It’s Not Over ‘Til it’s Over
1/19/2011 3:26 PM
On Tuesday, the S&P recorded its fourth rally in five days with a gain of 0.1%. Advancing stocks exceeded losers by almost 5:4. However, the up/down volume ratio was bearish by almost 2:1 thanks to Citigroup. Total volume increased 13%. The daily Coppock Curve has a bullish bias for 18 of the 24 S&P industry groups and 16 of the 30 stocks in the DJIA.

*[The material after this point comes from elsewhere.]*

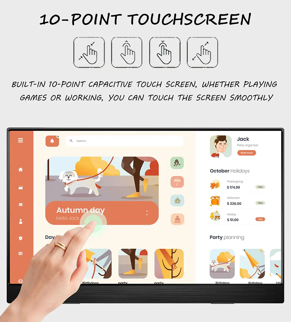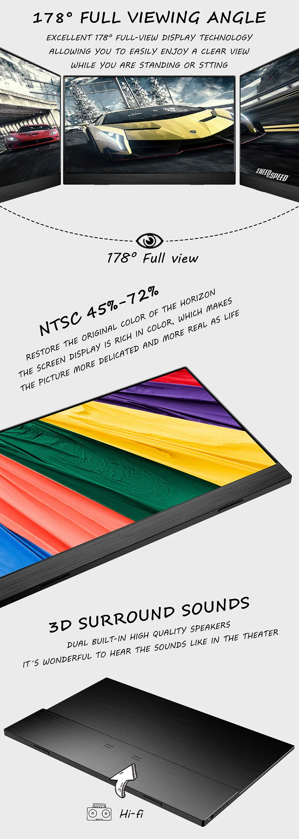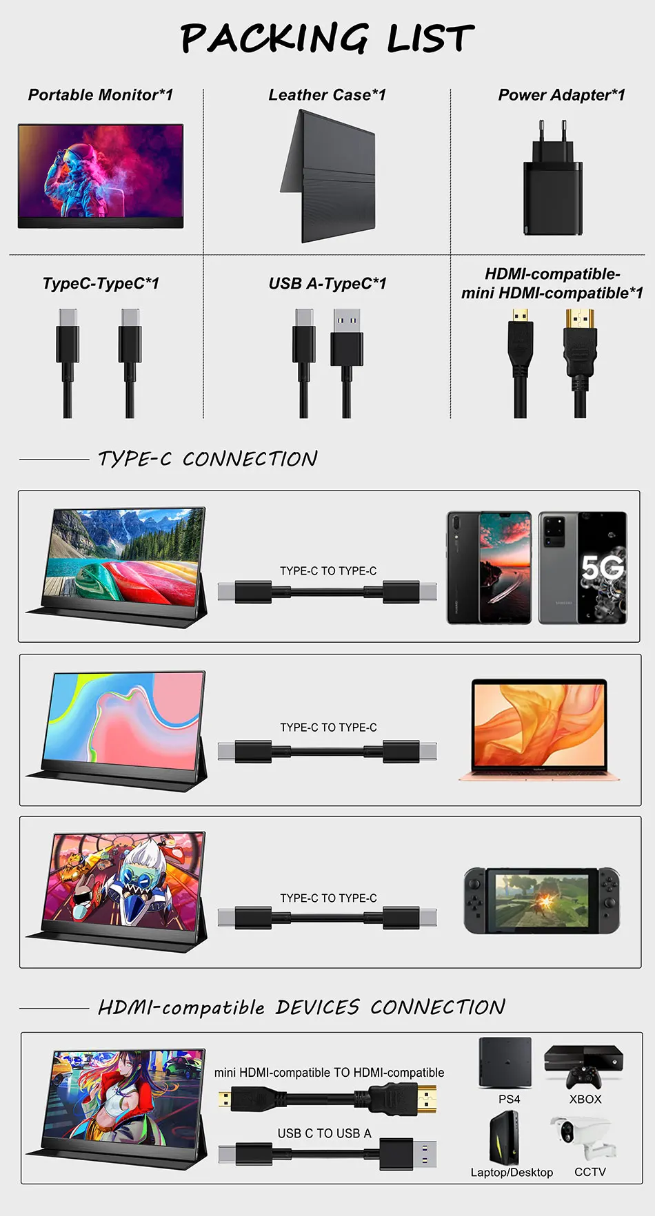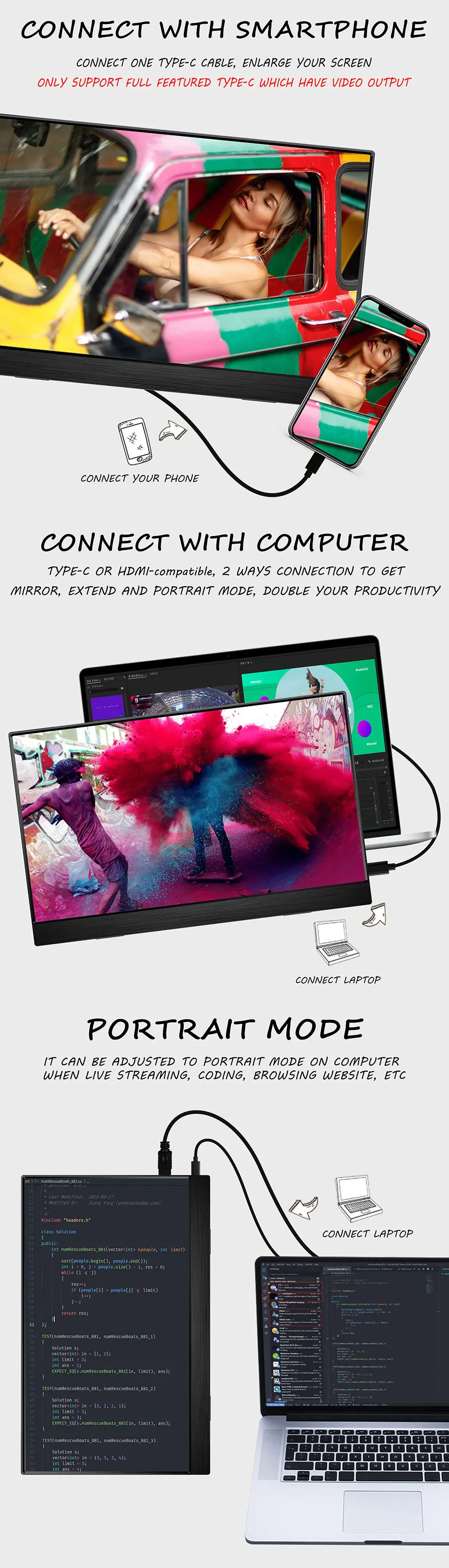 15,6-дюймовый портативный монитор с сенсорным экраном 1080P HDR IPS панель игровой монитор USBC HDMI-Совместимость для смартфона, ноутбука, переключателя PS4 XBOX

Both the July-August and August-November rallies were corrective structures. However, the current rally from the late November low has much more of an impulsive look to it. Since the first two are corrective, the current rally will almost certainly end up being corrective as well. With that in mind, the most straight-forward count is that a five-wave “A” ended on December 29 and the “C” wave began two days later. This “C” will be 0.618 of the “A” at 1310, which is within the 1289-1313 first support range mentioned in the recent STR. Nearby support is at 1262-1254.
Meanwhile, the dollar index traded to as low as 78.64 today. That represents a breakdown from the 79.06-78.08 support range mentioned in the current STR. In addition, the daily Coppock fell to a new reaction low. Thus, the index has recorded both a price and momentum breakdown.